CSpell

Performance Tests for Ensemble

I. Introduction

Performance tests on the test set are conducted on the Ensemble Spelling as the baseline to compare to CSpell.

II. Setup

  • Program:
    ${C_SPELL}/SpellCorrection/bin/runSpellingAllData
    4 (CSpell data - NER)
    3, 4 (nonword, real-word)
    4 (methods)
  • InData:
    ${C_SPELL}/SpellCorrection/CHQA_SpellCorrection_Dataset/ResultCSpellData/
  • OutData:
    ${C_SPELL}/SpellCorrection/CHQA_SpellCorrection_Dataset/ResultCSpellData/LinearWeighted_nw_OUT_4
    ${C_SPELL}/SpellCorrection/CHQA_SpellCorrection_Dataset/ResultCSpellData/LinearWeighted_rw_OUT_4

    Backup on:

    • ${C_SPELL}/SpellCorrection/CHQA_SpellCorrection_Dataset/ResultCSpellData.baseline
    • ${C_SPELL}/PostProcess/data/Test/NewTest/TestData/9_Baseline/Offical/*

III. Performance Results

  • Non-word Only GoldStd

    Methods Revised GoldStd
    TP|Ret|Rel
    Precision|Recall|F1
    4. Ensemble 559|966|974
    0.5787|0.5739|0.5763

  • Read-word Included GoldStd(Only Ensemble option works for Real-Word)

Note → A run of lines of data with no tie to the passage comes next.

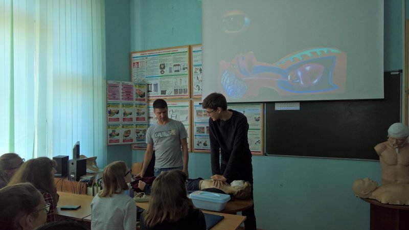 Со всеми участниками проведена экскурсия по Учебно-спортивному Центру, на которой школьники ознакомились с учебно-материальной базой УСЦ для подготовки водителей, кабинетами по изучению правил дорожного движения, устройства автомобилей, оказанию первой медицинской помощи, а также, участвовали в практическом занятии по выполнению реанимационных действий на манекенах.
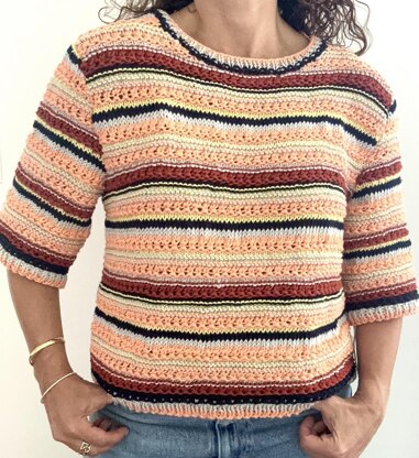 Ah, to feel the calmness and coolness with this relaxed knit tee. This pattern is knit with worsted weight cotton, and the color combinations are endless. It would even look great in a solid. It is styled with a loose and boxy body shape. The sleeves are set in so that it doesn't hang too loose off the shoulders in cotton yarn.
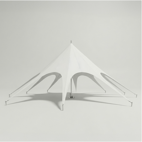 Ein Sternzelt ist weit mehr als nur eine Überdachung. Es ist ein architektonisches Highlight, das durch seine elegante Silhouette und die enorme Fernwirkung besticht. Unser Sternzelt 10x10m einfarbig schafft eine offene Atmosphäre der Leichtigkeit und bietet gleichzeitig zuverlässigen Schutz vor Witterungseinflüssen. Ob für Firmen-Events, Hochzeiten oder exklusive Promotion-Touren, dieses Profi-Sternzelt garantiert den gewünschten WOW-Effekt bei Ihren Gästen.
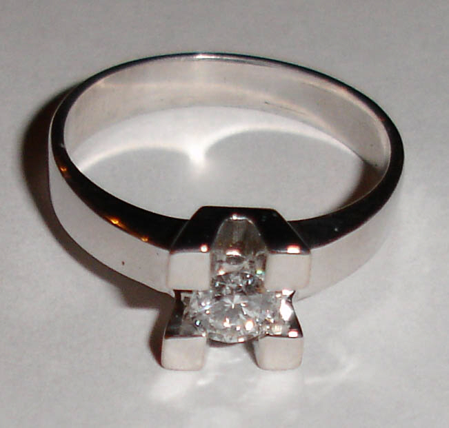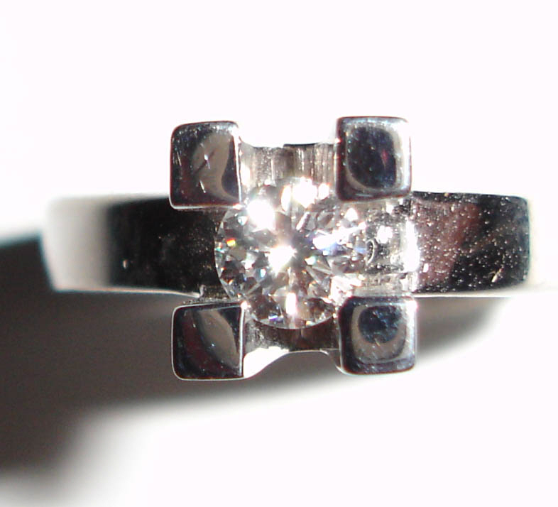 Anillo en oro blanco con una garra muy robusta con 1 diamante talla brillante blanco engastado a mano con mucha luminosidad y un peso de 0.50 quilates.
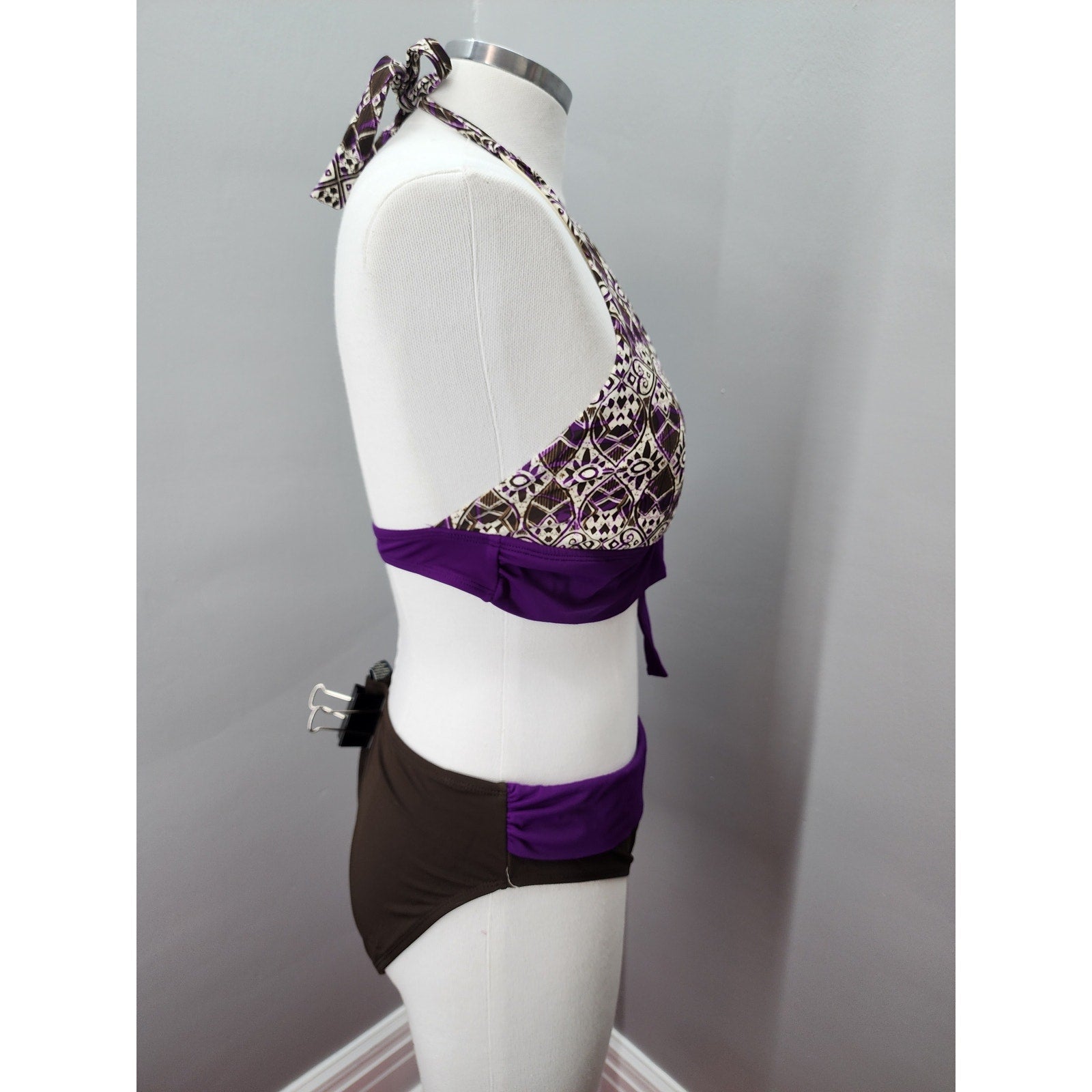 Y2K Vintage Faded Glory Bikini, Purple & Brown, NEW - XL

    MethodsRevised GoldStd
    TP|Ret|Rel
    Precision|Recall|F1
    4. Ensemble (NW) 560|966|1178
    0.5797|0.4754|0.5224
    4. Ensemble (RW) 520|810|1178
    0.6420|0.4414|0.5231

The results of non-word and real-word options from Ensemble seems do not have too much difference.